RECORDS PROVIDED:
• • • • •

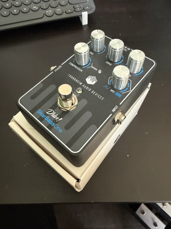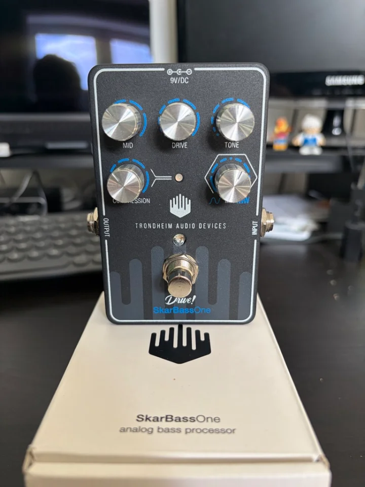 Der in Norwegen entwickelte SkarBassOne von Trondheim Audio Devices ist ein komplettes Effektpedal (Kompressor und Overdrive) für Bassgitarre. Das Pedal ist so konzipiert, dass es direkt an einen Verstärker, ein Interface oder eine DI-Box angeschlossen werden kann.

• • • • •

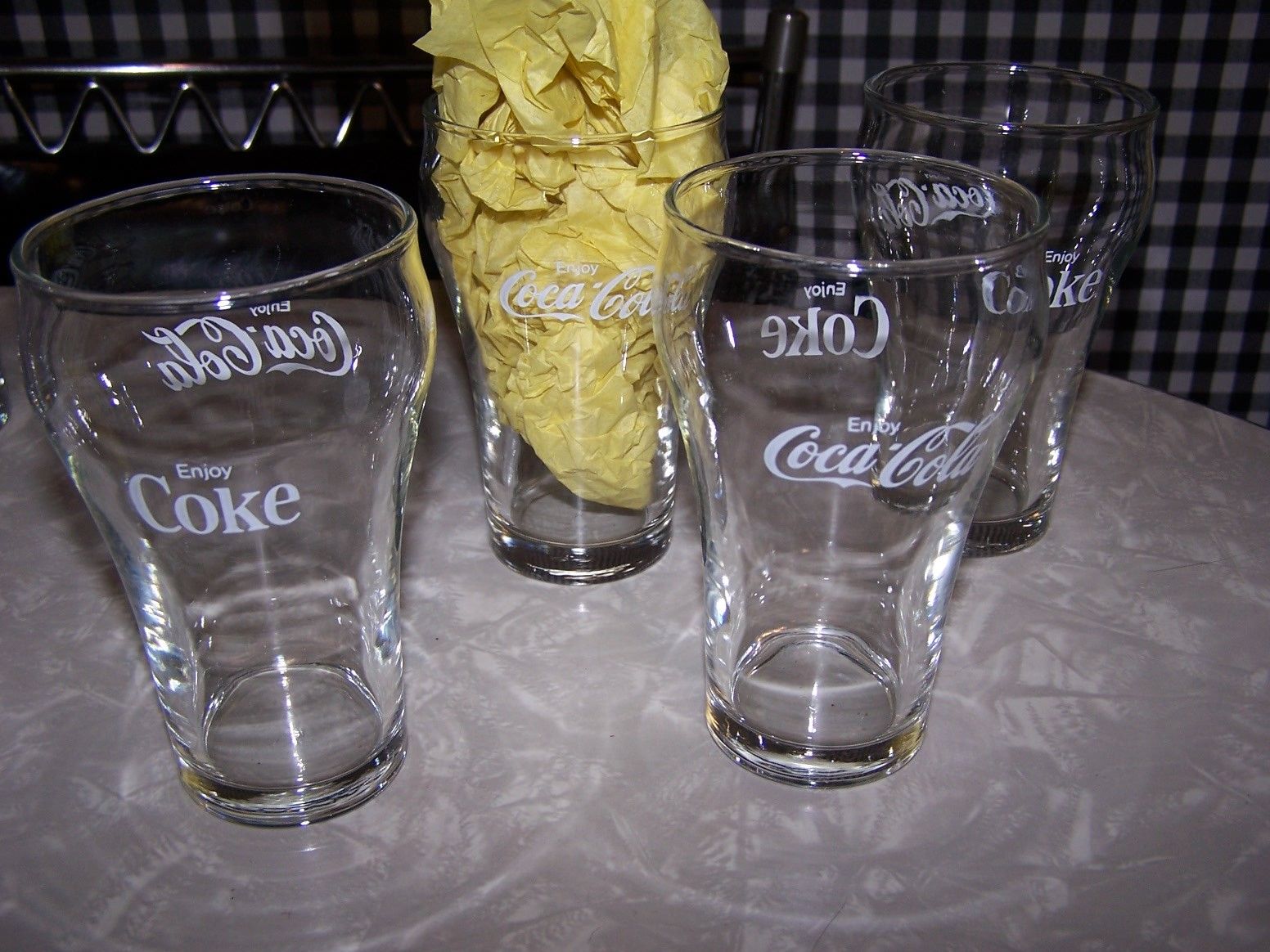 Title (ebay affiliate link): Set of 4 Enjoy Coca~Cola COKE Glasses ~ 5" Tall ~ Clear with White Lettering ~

• • • • •

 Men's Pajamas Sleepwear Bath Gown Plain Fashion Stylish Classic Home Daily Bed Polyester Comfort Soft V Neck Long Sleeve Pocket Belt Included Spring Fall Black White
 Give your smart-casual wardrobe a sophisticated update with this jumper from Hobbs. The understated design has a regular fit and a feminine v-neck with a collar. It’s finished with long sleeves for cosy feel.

• • • • •

Print only what lies in the material above starting at the line with "Men's Pajamas Sleepwear" and ending at the line with "Give your smart-casual", every line exactly as given.

 Men's Pajamas Sleepwear Bath Gown Plain Fashion Stylish Classic Home Daily Bed Polyester Comfort Soft V Neck Long Sleeve Pocket Belt Included Spring Fall Black White
 Give your smart-casual wardrobe a sophisticated update with this jumper from Hobbs. The understated design has a regular fit and a feminine v-neck with a collar. It’s finished with long sleeves for cosy feel.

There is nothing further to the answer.